Current result: residual-energy modes improve K @ K_approx^-1 ≈ I but barely move inverse/gradient error at low rank. Ranking block-metric modes by inverse impact, |lambda / (1 + lambda)|, is more promising: at d=576, rank-64 lowers sampled preconditioned-gradient error from ~0.72 to ~0.61/0.62, and rank-192 reaches ~0.40/0.42. Sketch modes need conditioning guards before integration.

The optimizer prototype exposes this for dense preconditioner groups:

PYTHONPATH=. python3 sweep_gds.py \
    --variants gds_monarch --lrs 0.3 --d 256 --steps 400 \
    --dense-inverse-modes dense,block_lowrank \
    --lowrank-ranks 16 --lowrank-methods bmetric_inverse \
    --profile-timings --out-dir sweeps_lowrank_opt_d256_gds_monarch

At d=256, rank-16 block_lowrank slightly improves tuned GDS loss but is much slower because the prototype still materializes a full inverse. Newton-Muon does not show a clear quality gain. block_lowrank_factored stores Woodbury factors instead of a materialized inverse and matches the same loss, but it is not faster in eager PyTorch because refresh still uses dense eigensolves and factored apply adds overhead. The next implementation step is faster mode selection/fused apply, not larger full-inverse sweeps.

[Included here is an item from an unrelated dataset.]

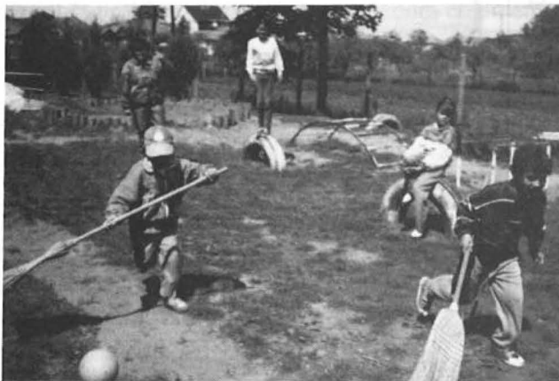
Az óvodában sportnap keretében rendezték meg az idei ballagást. A szülők is és gyerekek is egyaránt jól érezték magukat.

Newton-Muon baseline names are intentionally explicit:

• nm_dense_mlp: true dense-MLP TinyGPT architecture with dense Newton-Muon preconditioners.
• nm_monarch_aux: Monarch-MLP TinyGPT, but Monarch factors use auxiliary AdamW instead of an M2 preconditioner.
• nm_monarch_muon: Monarch-MLP TinyGPT, but Monarch factors use plain Muon/NS without the M2 block preconditioner. This is the historical control.
• nm_monarch: Monarch-MLP TinyGPT with exact M2 block preconditioners.

Both NewtonMuon variants report per-step loss and wall-clock. The Monarch path replaces a dense O(d^3) Cholesky/apply path with sqrt(d) independent small-block solves, O(d^2) total work, and O(d^{3/2}) storage, so the relative speed advantage of the Monarch inverse grows with d. The end-to-end optimizer speed advantage is masked at very large d by Newton-Schulz on the (still-dense) attention matrices — see the "Known limitations" section.

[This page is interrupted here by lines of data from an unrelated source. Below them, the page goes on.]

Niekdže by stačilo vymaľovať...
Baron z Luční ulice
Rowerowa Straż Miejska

What's exact here, and why

Given a Monarch weight W = P · L · P · R · P with L, R block-diagonal (b = √d blocks of size b × b each):

• The gradient wrt L is also block-structured: each block L_j only sees per-batch inputs x_j. Thus the per-block activation covariance A_j = 1/N · xᵀ_j x_j ∈ R^{b × b} is the exact second-moment the optimizer needs.
• Cholesky-inverting b blocks of size b × b costs O(d^2) total work and O(d^{3/2}) memory. The blocks are independent, so the GPU batched-kernel wall time is much closer to a small-block solve than to a dense d × d solve.
• Applying the inverse is a batched bmm with b small blocks, one of the fastest operations on a GPU for this size range.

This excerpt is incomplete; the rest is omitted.